Attac France et le FSM 3 de Porto Alegre dans le contexte international
Déclaration du CA d'Attac France du 11 janvier 2003
Le troisième Forum social mondial (FSM) se réunit à Porto Alegre du 23 au 28 janvier 2003 dans un contexte marqué à la fois par l'agressivité belliqueuse du gouvernement des Etats- Unis, suivi par plusieurs de ses homologues, et par la croissance et l'élargissement d'un mouvement de rejet de la mondialisation libérale qui s'exprime un peu partout par des manifestations et des rassemblements toujours plus massifs, et, dans le cas de l'Amérique latine, par les récentes victoires électorales de la gauche au Brésil et en Equateur. Cette situation rend la tâche des mouvements sociaux et militants, dont ATTAC France, plus ardue que lors des deux premières sessions du FSM : il s'agira à la fois de préparer les initiatives de masse nécessaires face à la guerre et à la poursuite des politiques néolibérales, et discuter des cadres d'alliances indispensables tant pour réussir ces mobilisations que pour élaborer les alternatives à ces politiques.
1.- Première préoccupation : la guerre annoncée
A quelques semaines d'une agression contre l'Irak programmée par les Etats-Unis et une partie de leurs alliés, le développement des mobilisations anti-guerre est très important: près d'un demi-million de manifestants se sont retrouvés à Londres en septembre, plus de 100 000 à Washington en octobre, et près d'un million de à Florence en novembre. Même si les menaces d'invasion de l'Irak sont chaque jour plus fortes, il est encore possible d' en empêcher le déclenchement. La pression des mobilisations et l'hostilité de l'opinion publique dans de très nombreux pays (en particulier en France) ont en effet déjà eu comme premier résultat de contraindre certains gouvernements à prendre quelques distances par rapport à de la logique américaine. Aux Etats-Unis, une majorité se dessine pour refuser une intervention militaire unilatérale contre l'Irak.

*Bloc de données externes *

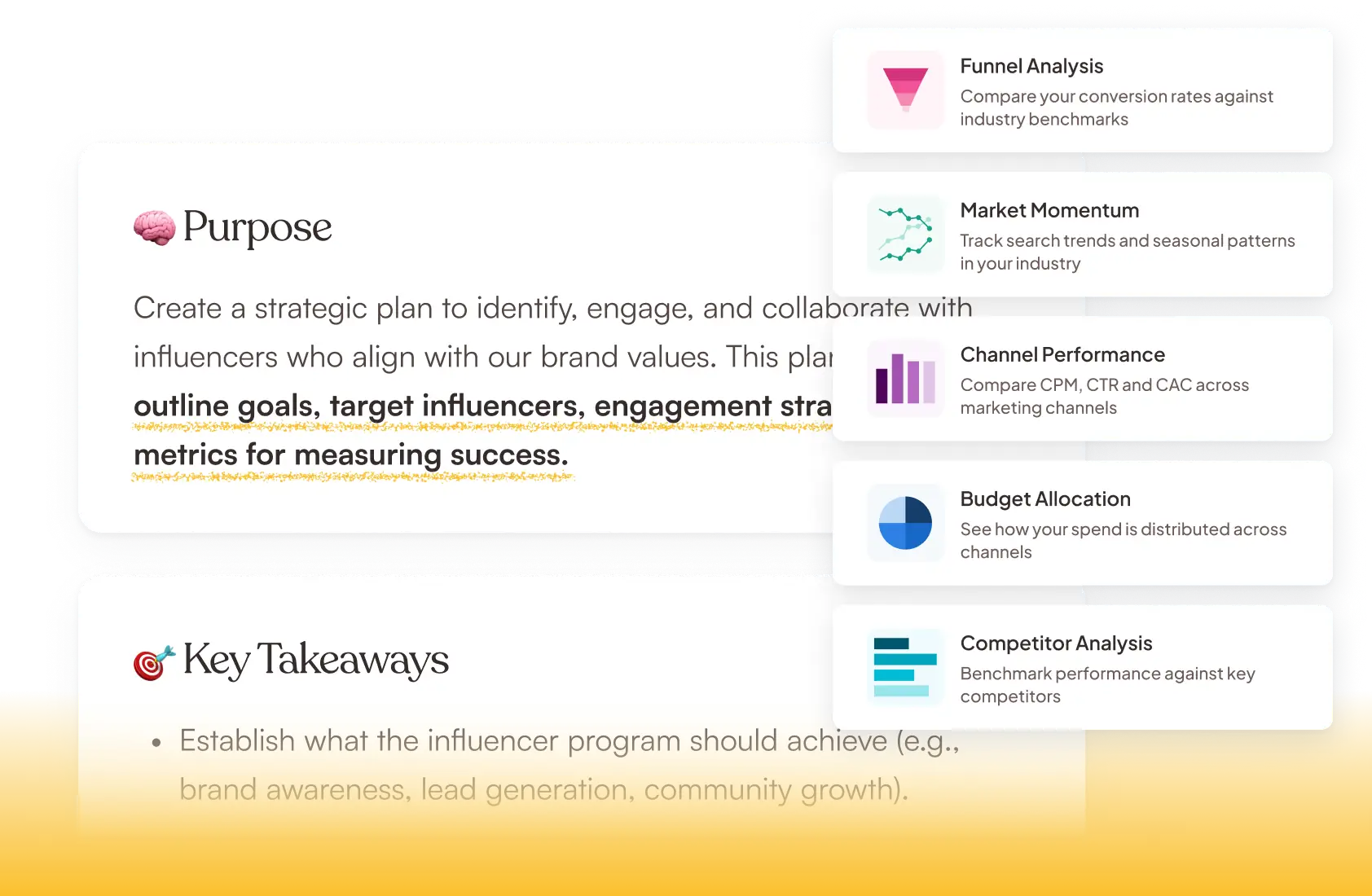 Take advantage of marketing-native AI to create personalized briefs, digestible graphs, and bespoke proposals in minutes, slashing errors and freeing up headcount to do higher leverage activity.
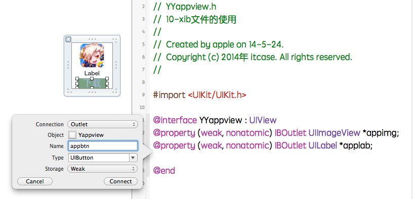 #import <UIKit/UIKit.h>@interface YYappview : UIView@property (strong, nonatomic) IBOutlet UIImageView *appimg;@property (strong, nonatomic) IBOutlet UILabel *applab;@property (strong, nonatomic) IBOutlet UIButton *appbtn;@end
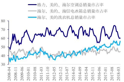 白电行业方面,空调行业格力、美的、海尔三大头部公司的市场份额近10年来维持在60%以上的高位。冰箱行业的海尔、美的、海信市场份额保持在45%左右。洗衣机行业的海尔和美的市场份额从2008年的35%左右升至目前的55%左右。
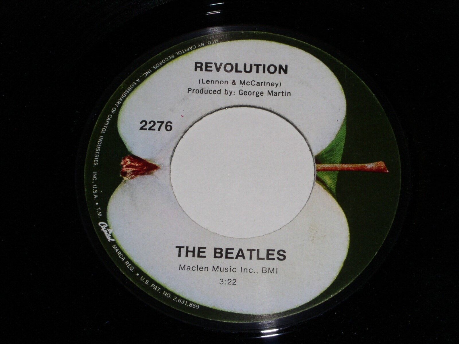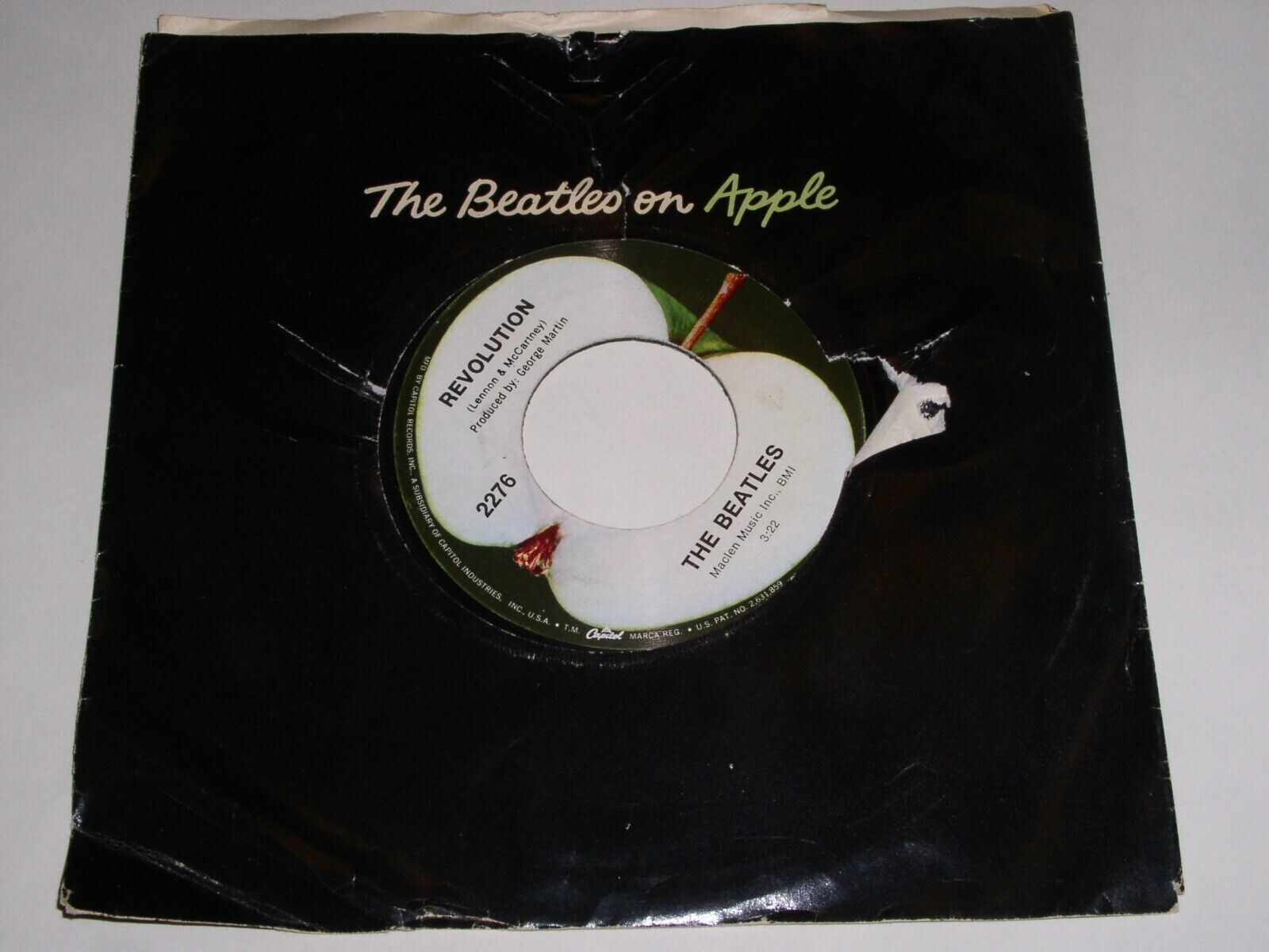 This is an original 45 rpm by The Beatles entitled, ''Hey Jude''. Flipside: "Revolution". Label: Apple 2276. This has the "produced by George Martin" below the title on side 2. Capital Records logo along the left side of label, side 2. Comes with the black Apple paper sleeve as shown, however it has some tearing, wear, creasing and general aging. Number etched in the dead wax: 45-46434-G-10 with an asterisk and number 2.
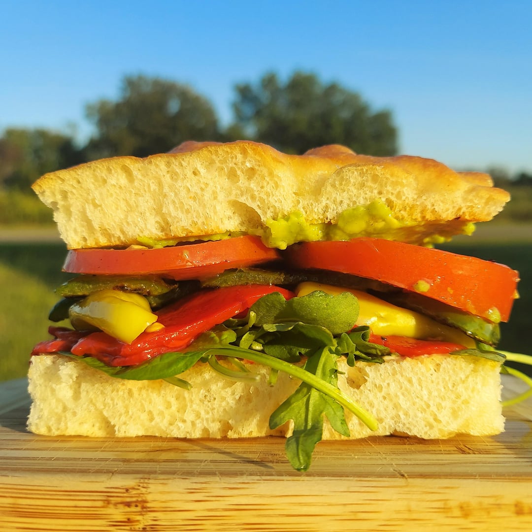 2-3) Mashed avocados, piquillo peppers, blistered jalapenos, peperoncini and tomatoes on focaccia;

Pour Attac France, cette menace n'est pas un sujet extérieur à ses préoccupations et axes d'intervention. Aujourd'hui, le militarisme et la guerre permanente sont devenus des composantes essentielles d'une mondialisation libérale que les Etats-Unis, quitte à en violer allègrement certains dogmes, entendent reconfigurer à leur seul bénéfice : ainsi, le bellicisme de l'équipe Bush renvoie tout à la fois au contrôle des gisements stratégiques d'hydrocarbures, et à la volonté de réaffirmer l'hégémonie de Washington dans la gestion des affaires du monde, notamment par l'élargissement de l'OTAN en Europe et la mise en place d'une Zone de libre-échange des Amériques (ZLEA, ALCA en espagnol et portugais).
Attac France s'inscrira donc dans les coordinations internationales qui, pendant le FSM, prépareront les mobilisations nécessaires. Tout en participant à ces structures unitaires, Attac France continuera à défendre ses positions propres : le refus inconditionnel de la guerre en Irak ne signifie en rien un blanc-seing donné au régime dictatorial de Saddam Hussein qui a massacré les Kurdes et ses opposants ; le soutien aux Palestiniens qui luttent contre l'occupation israélienne de la Cisjordanie et de la bande de Gaza va de pair avec l'affirmation du droit des deux peuples à vivre dans des Etats souverains dotés de frontières sûres et reconnues.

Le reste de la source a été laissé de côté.